By Holly Tallon

The other day I watched a documentary that focused on one main question: are humans innately competitive or cooperative, or a mixture of both? This question really struck me because I realized I had never really thought about it much, considering how much it applies to sustainability and the actions we take in relation to sustainability. Are we competitive or cooperative? The documentary emphasized, based on certain studies and observation, that humans are mostly cooperative in nature, and it is how we have prospered for so long as a species.

While watching the news one day, the anchorman brought up a graphic showing the top 3 happiest countries in the world based on a recent survey. The first 2 countries floated into space on the screen–Australia and Norway–and as the name “United States” floated up to #3, the anchorman screamed out, ‘Yeah! There we are!’ or something of that sort. It was pretty ridiculous. I am not sure about the validity of those statistics, but that moment made me realize that yes, we may be cooperative in nature, but here in America at least, we tend to focus on competition and being #1, and this is the attitude that is celebrated and taught in this country.

And then I realized that I have been one of those people celebrating that attitude, even through my work in sustainability. RecycleMania is an 8-week long competition held every spring between universities. A competition. This last spring I led a project called Operation Opt-Out during which I emphasized our need to win RecycleMania to all I spoke to. I have been enabling an attitude of competition among the students I reach out to under the name of sustainability. Isn’t this completely wrong though? Isn’t sustainability itself supposed to be a cooperative effort? A cooperative effort merging environment, society, and economics; individuals, organizations, and governments; cities, states, and countries?

RecycleMania is a wonderful effort to help universities reduce waste and increase recycling, but may I ask: is it really doing more good than harm? RecycleMania pits universities against each other in a competition, and within each university the competition is spread through every level of campus: dorms against dorms, floors against floors, hallways against hallways. It’s like a microcosm in a microcosm in a microcosm of competition. Of course, a little bit of competition is not a bad thing. But competition is like salt: the recipe only calls for a pinch. Cooperation, on the other hand, includes all of the yummy vegetables that your body needs a lot of in order to function properly.

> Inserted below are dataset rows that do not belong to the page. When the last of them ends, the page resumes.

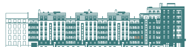
Hausfassade / Hedderichstraße

Dieser Grundrissplan ist unverbindlich und nicht maßstabsgerecht. Er dient lediglich zur Orientierung und zeigt möglicherweise aufpreispflichtige Sonderausstattungen. Möblierungen sind nicht Bestandteil der Leistungen.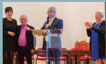
VIE CULTURELLE : La politique culturelle de la ville p. 16 et 17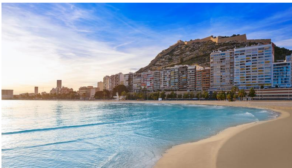
Playa de Postiguet

Otras playas que visitar en Alicante más tranquilas, aunque se encuentran un poco más alejadas del centro, son la Playa de San Juan o las calas del cabo de las Huertas como la Cala Cantalar (perfecta para hacer buceo).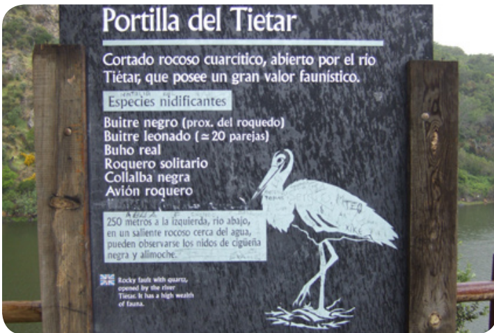
Portilla del Tiétar, één van de bekende uitkijkpunten in het park.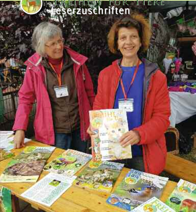
»Freiheit für Tiere«-Info-Stand beim Sommerfest des Tierheims in Lippstadt: Informationen über Massentierhaltung und Hobbyjagd.

I propose that we focus more on cooperation and less on competition and take pride in that as a university. The ability of people to come together for the good of the community is one of the greatest forces driving this world. If you do not believe me, think about all the macroscale examples we hear about everyday. This Tuesday marked the 1-year anniversary of the Joplin tornado, an event that showcased the power of a community to come together and start anew. Many may disagree with the controversial Occupy Wall Street movement, but surely it is one of the most powerful examples of a cross-country, cooperative effort this country has seen in years. Finally, this coming June many countries will set aside politics in order to come together at the Rio+20 Summit in order to make commitments to the environment as an international body. I propose we stop celebrating competition and live our lives in a way that fosters cooperation and celebrates unity as a university, community, and country.

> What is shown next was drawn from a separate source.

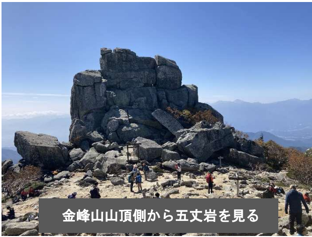
金峰山山頂側から五丈岩を見る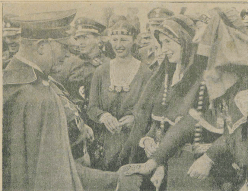
W obecności premiera Goeringa odbyła się w Eiderstedt nad morzem uroczystość poświęcenia ro-

Samoloty włoskie rozwijają ożywioną działalność w okolicy Makalle. Taktyka ich uległa zmianie. Nie rzucają obecnie bomb, lecz z nieznacznej wysokości ostrzeliwiają z karabinów maszynowych oddziały abisyńskie.

As this upcoming school year approaches, let us strive to do our part for recycling and reducing waste year-round and to embrace a sense of cooperation and community in our daily actions. And let us not limit this to recycling but expand this to every aspect of sustainability, including those efforts to build a better and stronger community. As university students, let us embrace this attitude of cooperation so that we may set an example for those generations younger than ours, and even those older. Even if we must make dramatic changes within ourselves, let us not be scared of change. I leave you with this:

“If you want to be incrementally better: Be competitive. If you want to be exponentially better: Be cooperative.”